Missing newline: Unexpected character 0x73 found at location 4194303

I ran it through the following function to check for non-ASCII characters:

def return_non_ascii_codes(input: str):
    for char in input:
        if ord(char) > 127:
            yield ord(char)  

And found out that I had a number of characters that returned a 160 code. Looking this up in a Unicode chart, it looks like this is a non-break space character: http://www.fileformat.info/info/unicode/char/00a0/index.htm

I want to NULL these characters out in my COPY command, but am unsure of what the correct character sequence/format I should use.

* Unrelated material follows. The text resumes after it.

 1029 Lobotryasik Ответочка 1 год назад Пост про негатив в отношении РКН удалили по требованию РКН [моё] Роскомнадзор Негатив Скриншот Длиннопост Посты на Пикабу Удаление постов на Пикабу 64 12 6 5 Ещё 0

The COPY command is as follows:

COPY xxx
FROM 's3://xxx/cleansed.csv'
WITH CREDENTIALS 'aws_access_key_id=xxx;aws_secret_access_key=xxx'
-- GZIP
ESCAPE
FILLRECORD
TRIMBLANKS
TRUNCATECOLUMNS
DELIMITER '|'
BLANKSASNULL
REMOVEQUOTES
ACCEPTINVCHARS
TIMEFORMAT 'auto'
DATEFORMAT 'auto';

EDIT: I used Python to find the characters, but Python does not do any of the actual processing in my pipeline. I do a COPY TO STDOUT command from our PostgreSQL databases, and then upload those files directly to S3 for copy to Redshift. So it needs to be handled in one of those two places.

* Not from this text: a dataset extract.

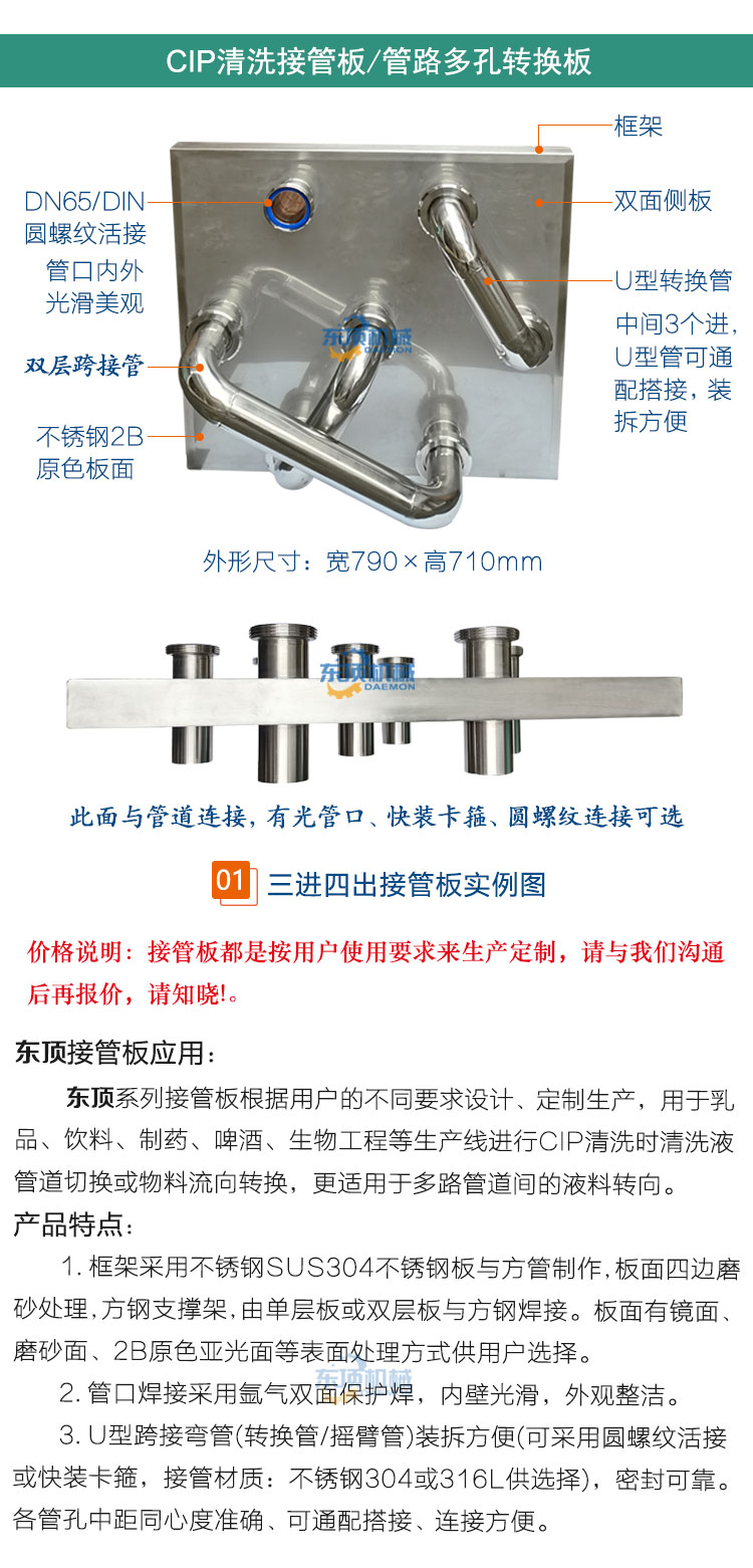 接管板管道转换板CIP清洗管路分配盘

Here are the two fields from the destination table:

id                      BIGINT,
quiz_data               VARCHAR(65535)

UPDATE 1: I ran the script through a function to cleanse all non-ASCII characters like so:

with open(file, 'r') as inf, open(outfile, 'w') as outf:
        for line in inf:
            print(return_non_ascii_codes(line))
            outf.write(''.join(return_ascii_chars(line)))

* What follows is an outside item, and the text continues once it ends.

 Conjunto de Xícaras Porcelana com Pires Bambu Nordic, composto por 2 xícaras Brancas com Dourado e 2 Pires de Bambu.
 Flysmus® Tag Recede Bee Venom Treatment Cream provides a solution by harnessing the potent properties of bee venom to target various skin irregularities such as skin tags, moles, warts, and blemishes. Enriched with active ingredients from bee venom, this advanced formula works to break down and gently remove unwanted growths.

def return_ascii_chars(input: str):
    return (char for char in input if ord(char) < 127)

and then tried to COPY to Redshift. Still getting the following:

Missing newline: Unexpected character 0x20 found at location 4194303  

I've double-checked that the cleansed file doesn't have any non-ASCII character...

2

2 Answers

1
votes
COPY table1 FROM 's3://my_bucket' CREDENTIALS '' ACCEPTINVCHARS 

Use can use ACCEPTINVCHARS parameter in your copy command.

Its pretty easy and straight forward.
If I’ve made a bad assumption please comment and I’ll refocus my answer.

0
votes

yourvariable.replace(unichr(160), "")